What is a nanopublication?

Following [1], a nanopublication is constructed using the following elements.

  • Concepts (unitary elements of knowledge)
  • Triples (tuples of three concepts)
  • Named Graph (a set of interconnected Triples)
  • Statements (originally defined as a triple that is uniquely identifiable, but now extended to be a named graph that is uniquely identifiable)
  • Annotation (a triple such that the subject of the triple is a statement)
  • Nanopublication (a set of annotations that refer to the same statement and contains a minimum set of annotations)

All concepts, statements, and nanopublications must be uniquely identifiable.

Immediate open questions

  • What annotations are needed from the definition shown above to support provenance?
    • where did the statement originate from?, who said it?, who curated it?, under what reasoning paradigm was the nanopublication derived?
    • These elements may be supported by elements from [2]
    • For a worked example supplied by Paolo Ciccarese, see [Nanopublication AlzSWAN Claim #1‎]
    • This provides a nice framework for development going forward.
  • What elements may act as the originating source of nanopublications?
    • excerpts from published peer-reviewed publications (text and figures)
    • excerpts from online resources, wikis, newspapers, etc.
    • data elements from a file
    • an automated computation
    • a tuple from a database
    • any element that can be incorporated into a research object
  • How will the persistence and lifecycle of a nanopublication be defined?
    • it may not be necessary for nanopublications to live forever, but we do need to know how long they will live for
  • How should we assign credit for specific individual's contribution to the creation of a nanopublication?
    • This is absolutely crucial to support next-generation knowledge architectures for science since this sort of credit is the only currency that really matters to scientists.
  • What different types of nanopublication are there?
  • How should nanopublications be implemented?
    • It would be more powerful to have the definitions of what a nanopublication is be based on a conceptual design / specification (with examples that are actually implemented, naturally) so that we are not restricted to a single platform or programming language.

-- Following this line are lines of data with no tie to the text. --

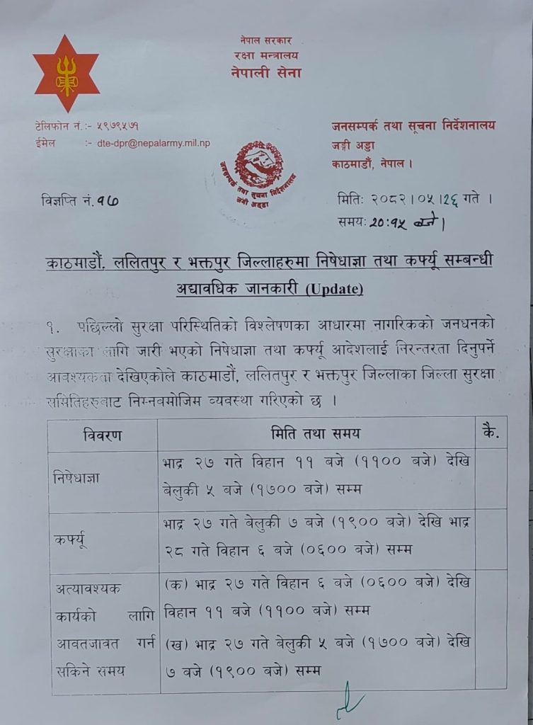 काठमाडौं । नेपाली सेनाले शुक्रबार नागरिकको जनधनको सुरक्षाका लागि काठमाडौं, ललितपुर र भक्तपुर जिल्लाहरुमा निषेधाज्ञा र कफ्र्यू आदेशलाई निरन्तरता दिने भएको छ । एक सूचना जारी गर्दै जनसम्पर्क तथा सूचना निर्देशनालयले आज विहान ११ बजे देखि बेलुकी ५ बजेसम्म निषेधाज्ञा जारी गरेको छ । यस्तै बेलुकी ७ बजे देखि भाद्र २८ गते विहान ६ बजे सम्म कफ्र्यू आदेश जारी गरेको छ ।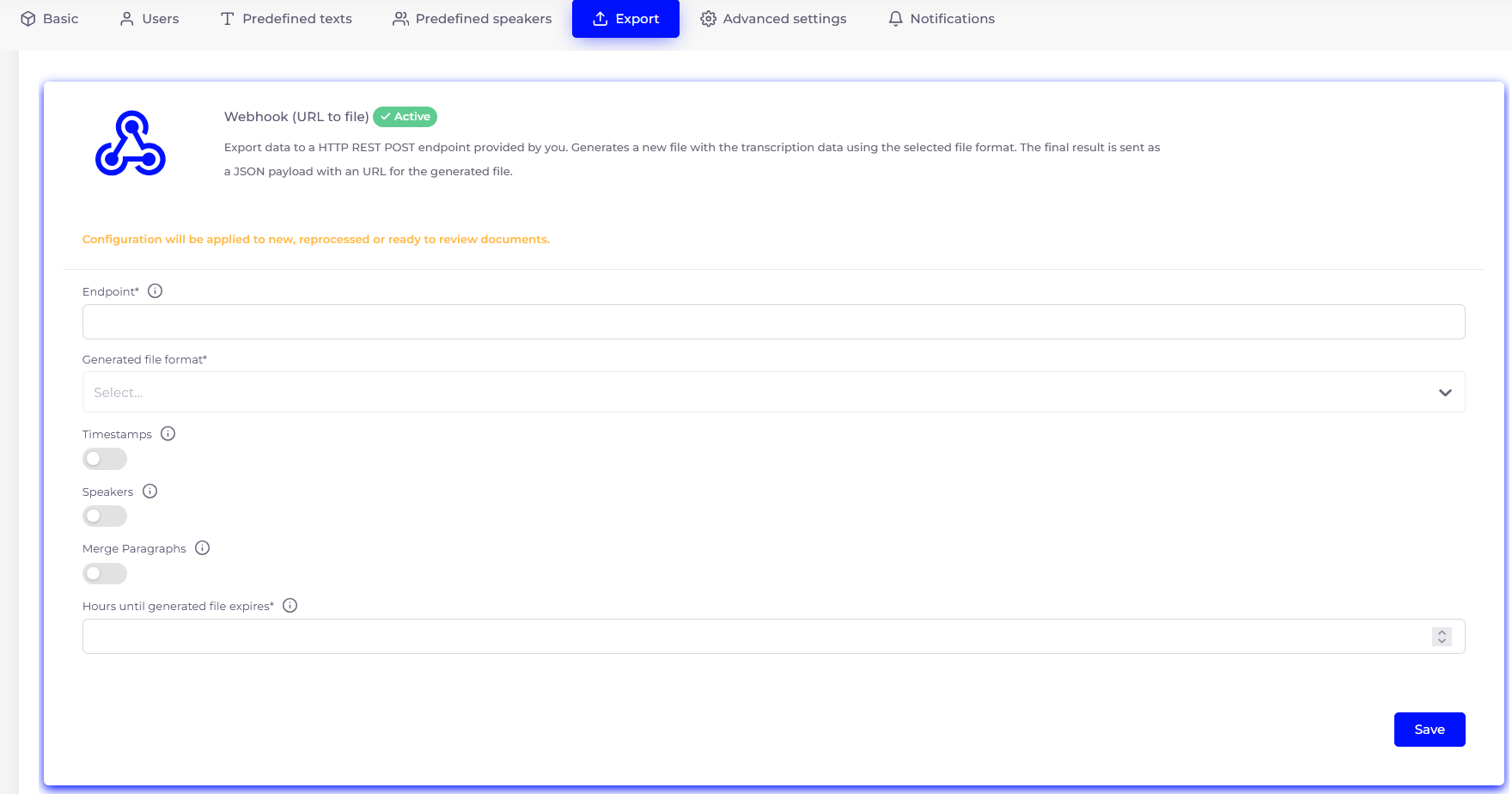 - Endpoint: a publicly available URL where SmartDocumentor can send notifications to. Notifications are sent as HTTP POST requests with the file content.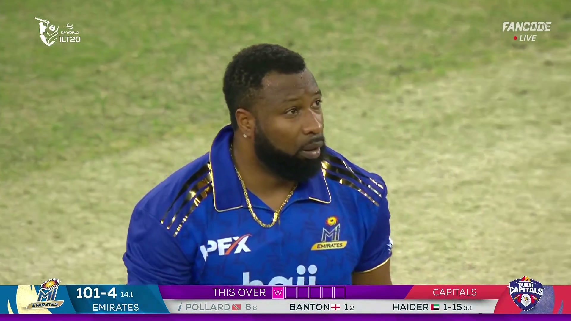 Wicket! Kieron Pollard Gets A Leading Edge And Is Caught At Short Third By Waqar Salamkheil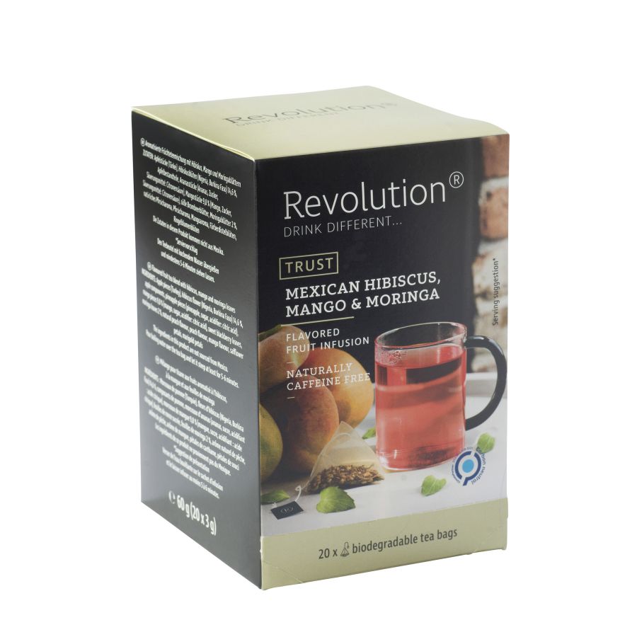 Soft and fruity with a surprising hint: Our fruit tea blend combines fresh-sweet mangos and earthy moringa with the tart notes of white hibiscus - wow! Caffeine Free.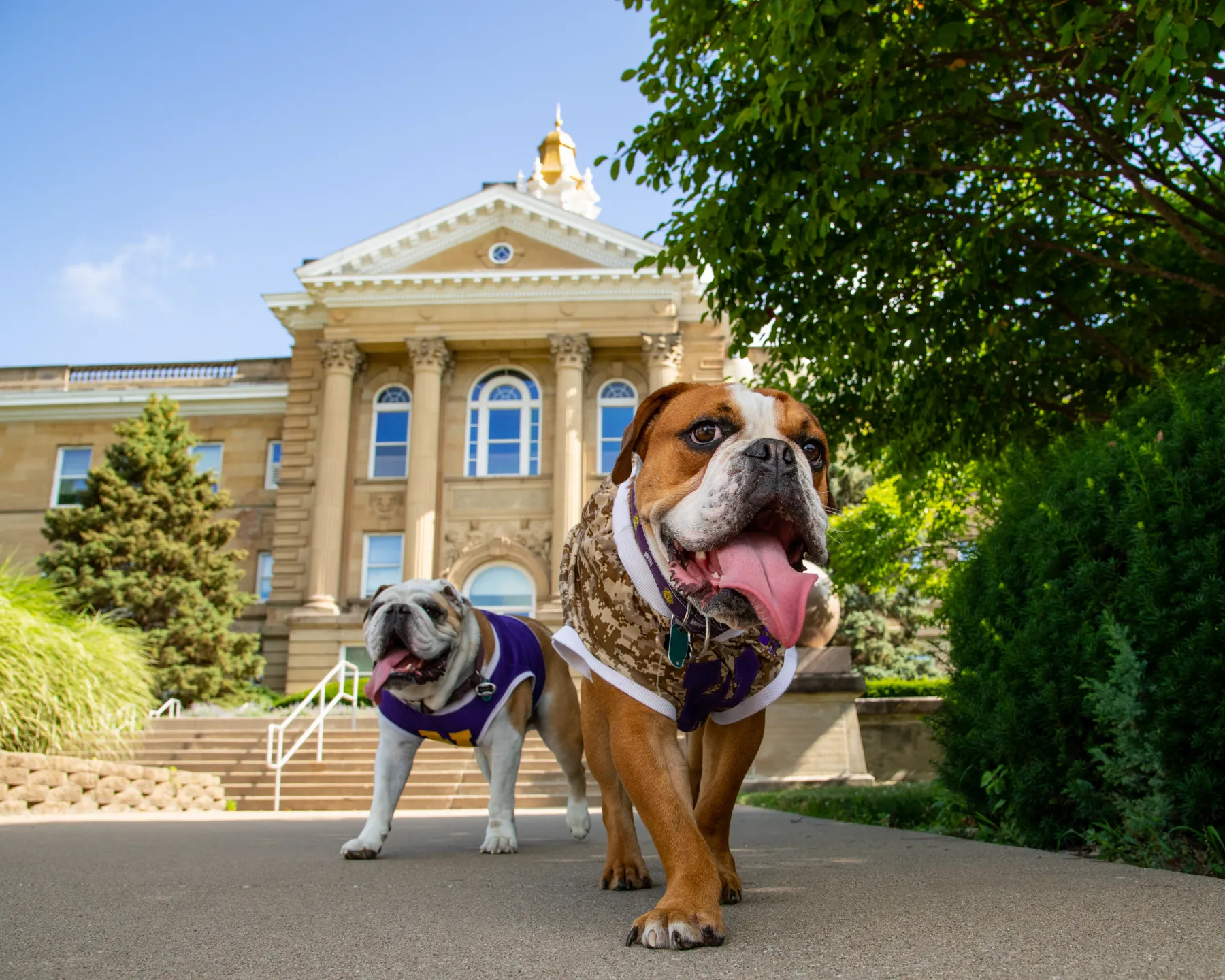 This shot shows our two live mascots walking from our main building, Sherman Hall. Colonel Rock III and IV's names are Rocky and Ray, respectively. Ray is taking the lead in this shot and Rocky is following behind as he is recently retired.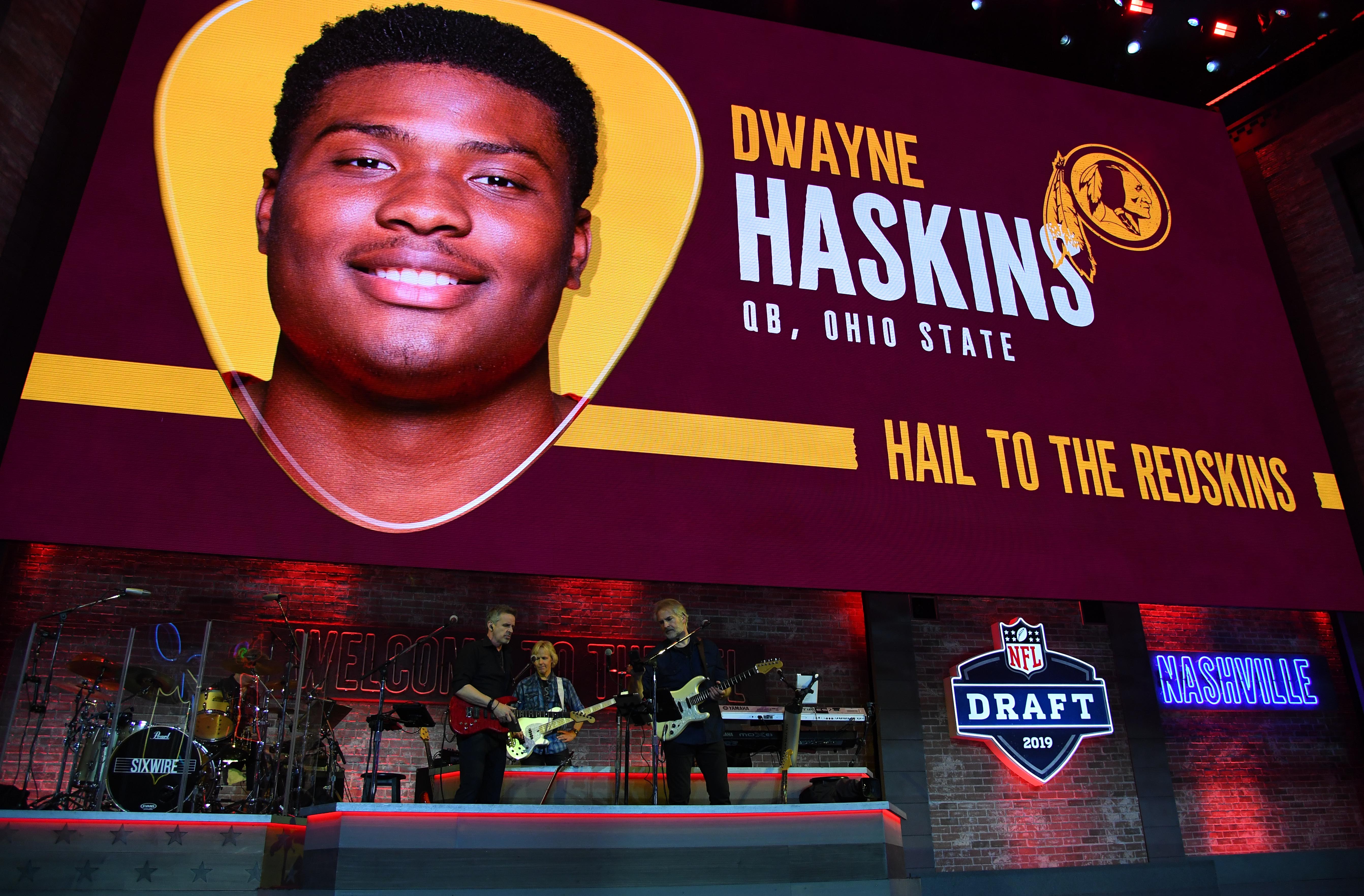 Apr 25, 2019; Nashville, TN, USA; Graphic of Dwayne Haskins (Ohio State) is selected as the number fifteen overall pick to the Washington Redskins in the first round of the 2019 NFL Draft in Downtown Nashville. Haskins was not in attendance. Mandatory Credit: Christopher Hanewinckel-USA TODAY Sports / Christopher Hanewinckel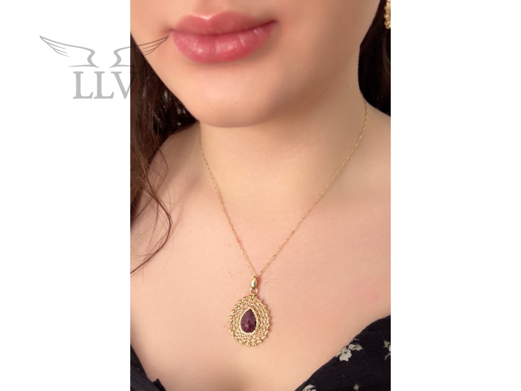 Exkluzívny prívesok v tvare kvapky zo žltého 14kt zlata vo vysokom lesku je šperkom, ktorý v sebe snúbi precízne spracované zlaté línie s vášňou prírodného drahokamu. Dominantou prívesku je výrazný prírodný rubín vybrúsený do tvaru kvapky, ktorého sýto červená farba symbolizuje lásku, silu a životnú energiu.
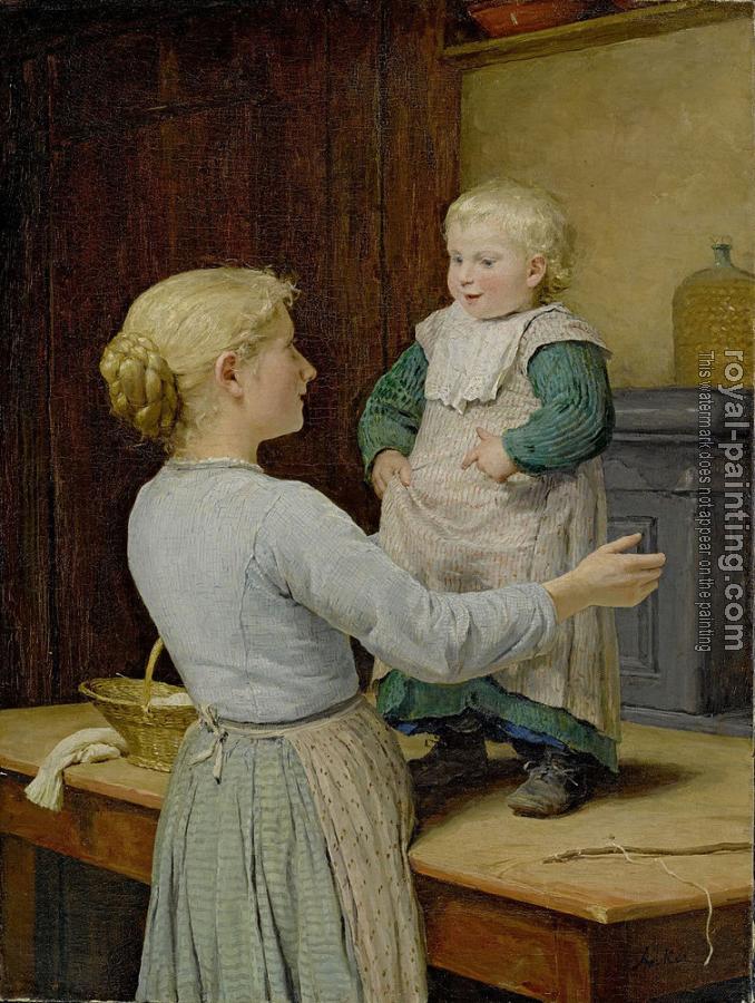 * Hand-painted Albert Anker Oil Painting Reproduction : Die altere schwester

The Nanopublication Bestiary

Note that this specification is originally inspired by Bruno Latour's view in his book 'Laboratory Life' [3]

  • 'textbook'
    • universals, broad-based statements that are widely accepted as 'true'
    • cardinal assertion nanopublications (e.g., malaria is caused by mosquitoes).
  • 'review paper'
    • widely accepted statements that are qualified for specific contexts / models
    • based on lots of supporting evidence
    • aggregated interpretative assertion nanopublications (e.g. 'CA1 projects massively to the entorhinal cortex in rats')
  • 'abstract'
    • describe the high level findings of a single study, the main punchlines of a paper.
    • based on supporting evidence from a single study
    • interpretive assertion nanopublications (e.g. 'a DNAse hypersensive site was identified in the vicinity of exon 1')
  • 'citences' (i.e. citation sentences, after Marti Hearst)
    • Sentences in a document that cite a finding from another document (usually Introductions, Related Works or Discussion sections).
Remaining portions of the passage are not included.